**Required action**
Starting at the top line, print the entries below exactly as they are and skip every picture.

**Supplied data**
=== Section Start ===

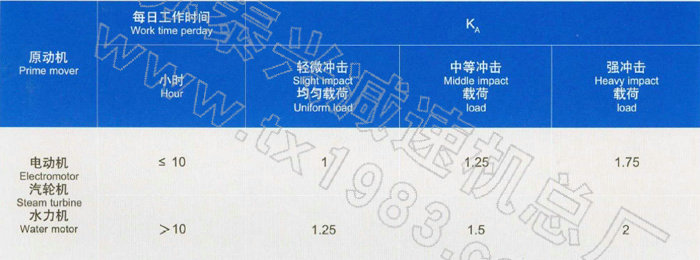 (1)、查表,斗提機(jī)屬中等沖中擊;查表Ks=1.5,查表=1.4
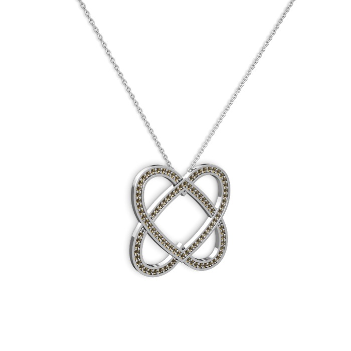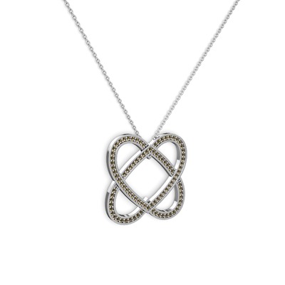 Dumanlı kuvars 14 ayar beyaz altın kolye (40 cm gümüş rolo zincir)
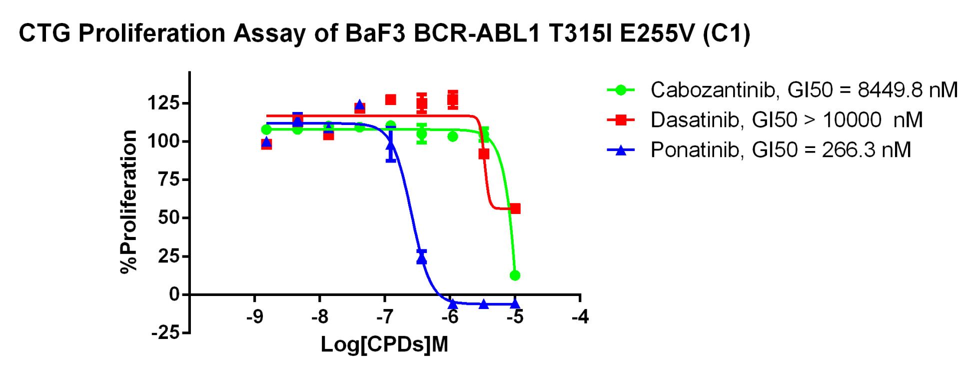3. Anti-proliferation assay Figure 5. CTG Proliferation Assay of BaF3 BCR-ABL1 T315I E255V (C1). |
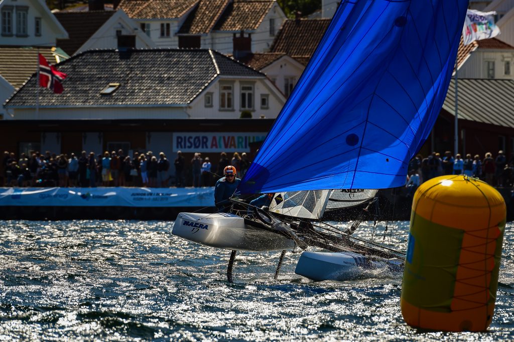 Under perfect conditions the Nacra 17 fleet raced up and down the season front of Risor to a cheering crowd. The leading Italians struggled today, with a capsize and a breakdown, but each time they got rolling again to chase a decent scoreline. In front of a boisterous crowd that numbered over 1000 spectators they […]
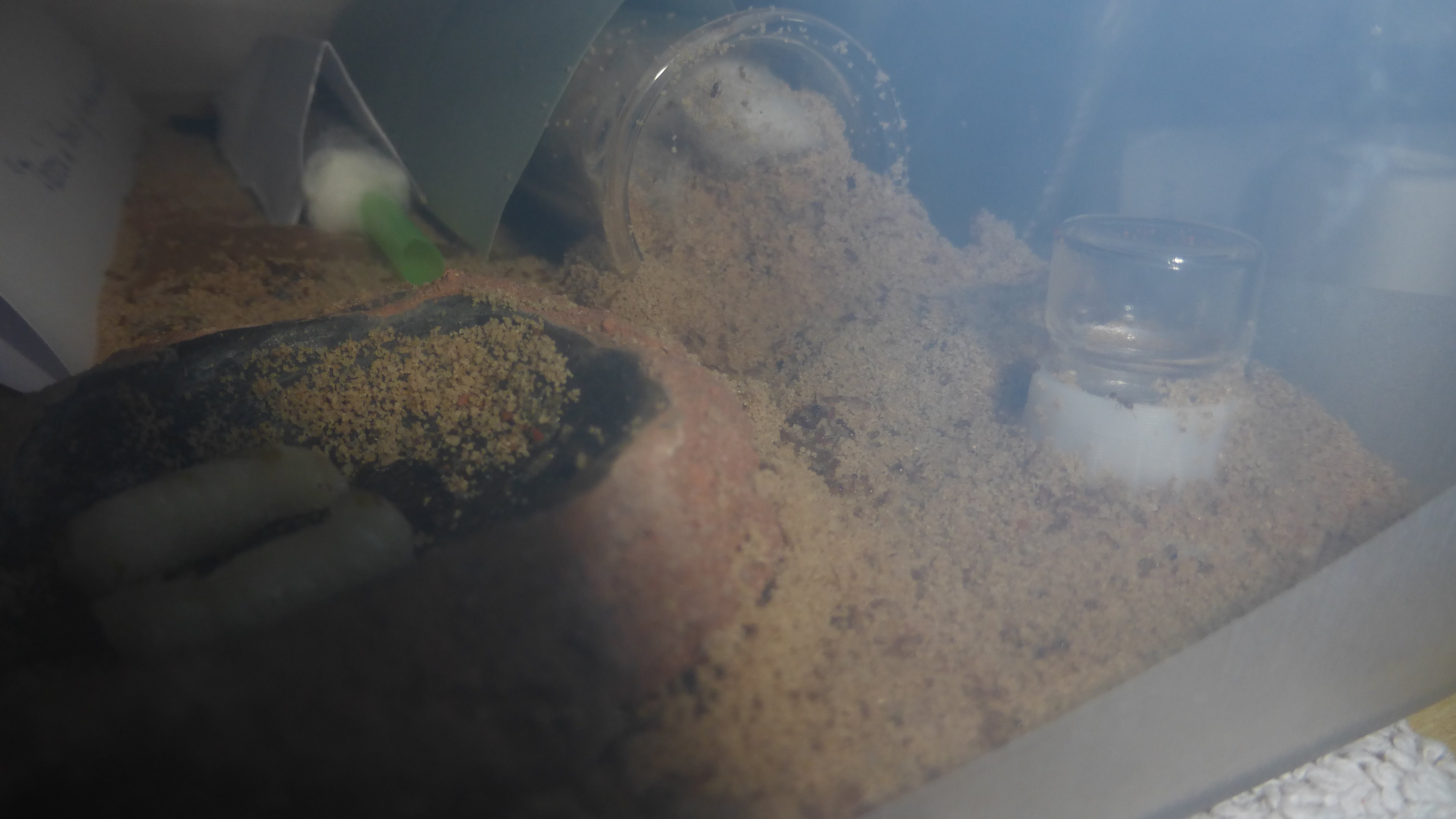 Ich hab mal testweise das Wärmekabel ausgesteckt, aber sie wollen definitiv keine Winterruhe halten - tatsächlich haben sie nach kurzer Zeit angefangen Brut in die Arena zu tragen (in/unter die Schrimpsröhren), weil die Arena näher an der Heizung steht und dadurch wärmer wird als das unbeheizte Nest.

=== Section End ===

**Expected answer**
 (1)、查表,斗提機(jī)屬中等沖中擊;查表Ks=1.5,查表=1.4
 Dumanlı kuvars 14 ayar beyaz altın kolye (40 cm gümüş rolo zincir)
3. Anti-proliferation assay Figure 5. CTG Proliferation Assay of BaF3 BCR-ABL1 T315I E255V (C1). |
 Under perfect conditions the Nacra 17 fleet raced up and down the season front of Risor to a cheering crowd. The leading Italians struggled today, with a capsize and a breakdown, but each time they got rolling again to chase a decent scoreline. In front of a boisterous crowd that numbered over 1000 spectators they […]
 Ich hab mal testweise das Wärmekabel ausgesteckt, aber sie wollen definitiv keine Winterruhe halten - tatsächlich haben sie nach kurzer Zeit angefangen Brut in die Arena zu tragen (in/unter die Schrimpsröhren), weil die Arena näher an der Heizung steht und dadurch wärmer wird als das unbeheizte Nest.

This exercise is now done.